Apr 16, 2024 - Technology

Exclusive: Former Uber cyber boss is now advising execs on avoiding his mistakes

Photo illustration of Joe Sullivan surrounded by abstract shapes.

Photo illustration: Gabriella Turrisi/Axios; Photo: Courtesy of Joe Sullivan

Ex-Uber security chief Joe Sullivan is taking on a new role to support his mission of helping executives avoid the criminal charges he's spent the past few years battling.

Why it matters: Security executives face growing liability and litigation risks as regulators start holding companies accountable for the data breaches and other cyberattacks they face.

Driving the news: Sullivan is joining cyber risk management company BreachRx as a senior adviser, he first told Axios.

  • BreachRx, which closed a $6.5 million seed round Tuesday, provides customers with a platform that automates how they respond to a cyberattack, including how they need to communicate with regulators.

Catch up quick: Nearly a year ago, a federal judge sentenced Sullivan to three years' probation and 200 hours of community service for charges related to covering up a 2016 cyberattack and obstructing a federal investigation.

  • The case marked what's believed to be the first time a U.S. security executive has faced criminal charges for mishandling a data breach.

Between the lines: Since that conviction, Sullivan said, he's been reflecting and hitting the road to help security chiefs and CEOs better respond to incidents.

  • Sullivan started last summer with presentations at the Black Hat and DEF CON cybersecurity conferences, and he said he's now the first call many chief information security officers make when they get "in hot water."
  • Joining BreachRx is a natural extension of his work, he said, since the company automates the process of documenting organizations' incident responses in the first hours and days.

What they're saying: "We're in a broken place," Sullivan said. "The people who are the most intelligent about how to navigate us out of this are handcuffed by fear because they think the regulators are going to come after them."

The big picture: The way Sullivan sees it, security chiefs have become accustomed to a corporate reality that doesn't provide them with the funds or employees needed to properly secure their systems.
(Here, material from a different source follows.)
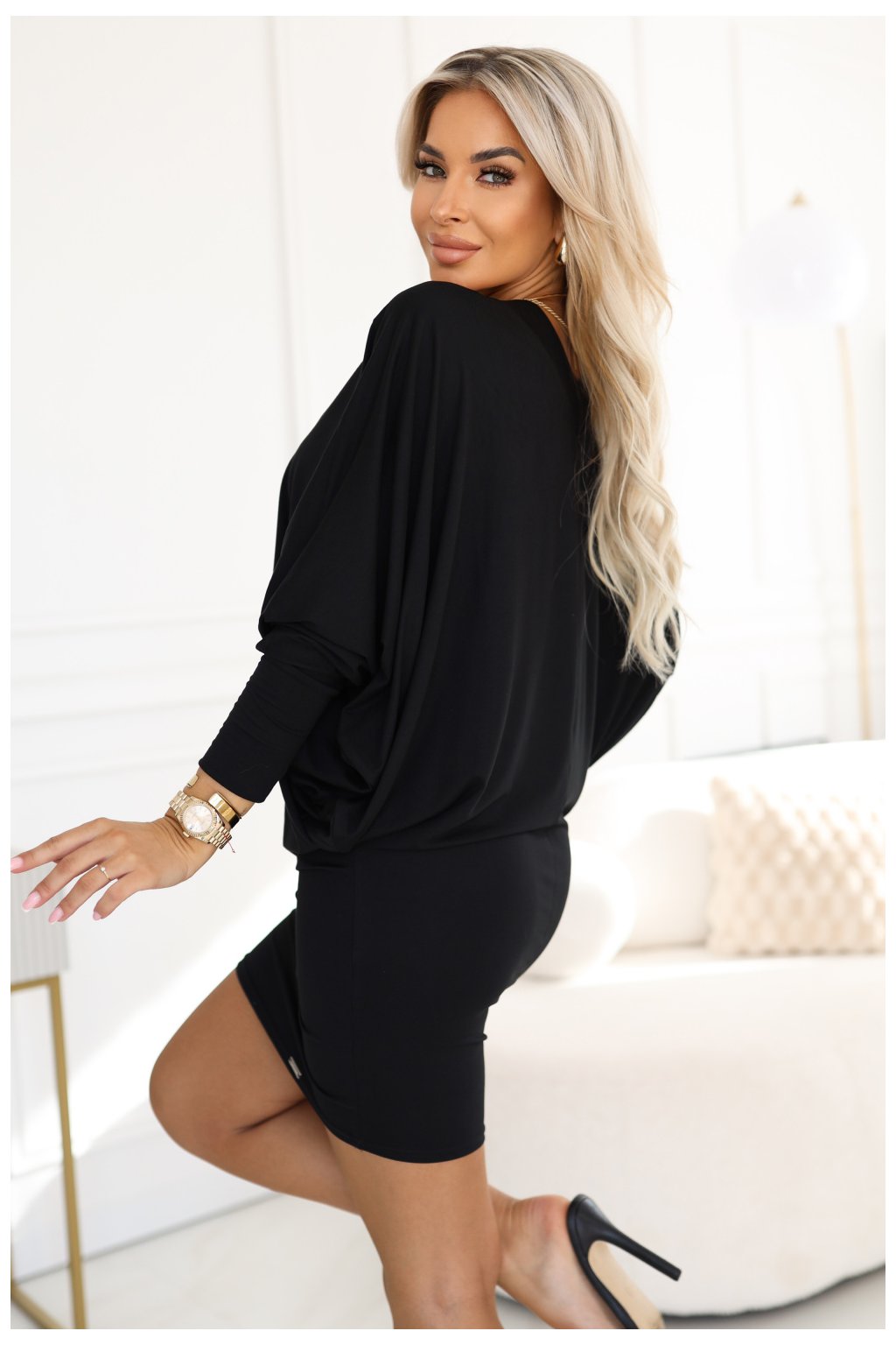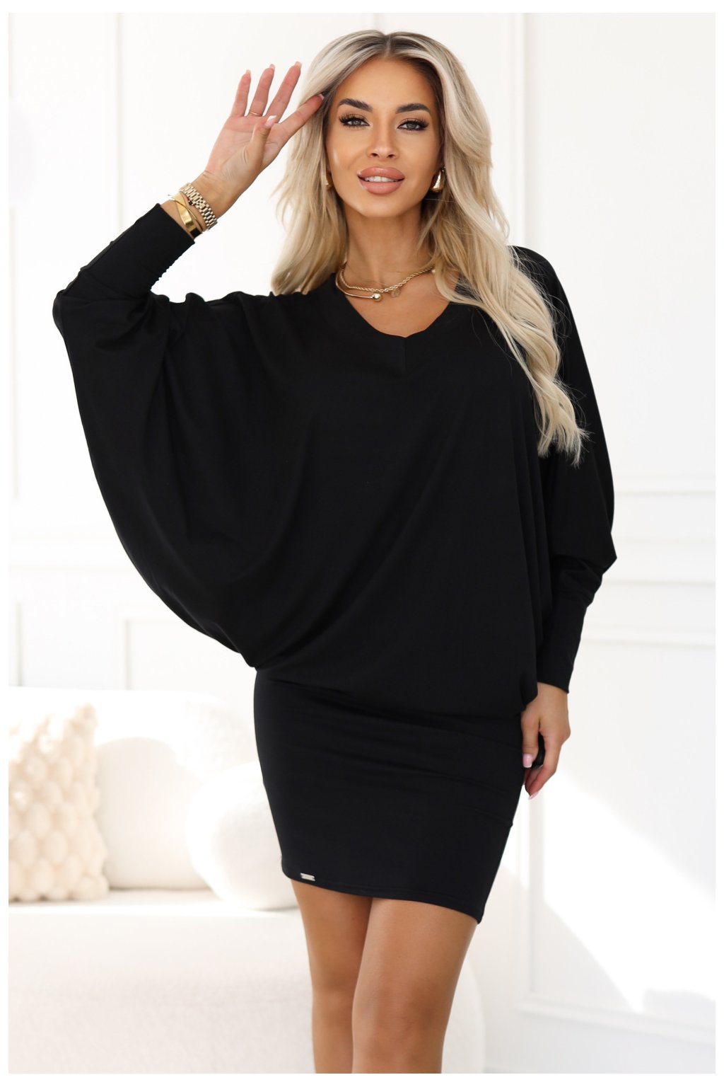 Klasické černé šaty, které spojují volnost s elegancí. Volný vrchní díl typu netopýr jemně obepíná postavu, zatímco přiléhavý spodek zdůrazňuje pas a linii boků. Toto je ten model, ke kterému sáhnete bez váhání: osvědčuje se v práci, na schůzce a při večerním vycházení. Vyrobeno z příjemného na dotek, elastického úpletu, dobře dýchá a krásně se skládá v pohybu. Jemný výstřih ve tvaru písmene V zjemňuje krk, zatímco delší rukáv přidává pohodlí v každém ročním období. Kvalita provedení zdůrazňuje původ: Výroba v Polsku.

  • "We have this world where every CISO has been, for the last decade, doing the best they can with the resources they have but always knowing that it's not enough," Sullivan said.
  • The growing regulatory pressure on all executives, not just security chiefs, to clean up poor internal practices could force companies to invest more in security and help CISOs in the long run, he argued.

Yes, but: Not all regulatory actions are created equal, Sullivan said.

  • On one hand, Sullivan said, the Securities and Exchange Commission's new cyber incident reporting rules that many companies have spoken out against are a "step in the right direction."
  • But on the other, the SEC's enforcement actions — such as the charges against SolarWinds and its top security executive — have prompted other CISOs to run from responsibilities "out of fear."
  • "I don't think the SEC has gone rogue," he said. "This is an inevitable change that's happening, and until the [cybersecurity] problems start to diminish to a manageable level, [government's] expectations are going to rise."

Zoom out: Ever since Sullivan's charges, the cybersecurity community has been trying to figure out how much of a precedent his case actually set.

  • During Sullivan's sentencing hearing, the judge received 186 letters from industry peers, friends and family — some of whom expressed concern that they would be under new scrutiny during an already stressful time.
  • But only a year out, it's not yet clear whether the case has prompted investigators to dig deeper into companies' responses to incidents.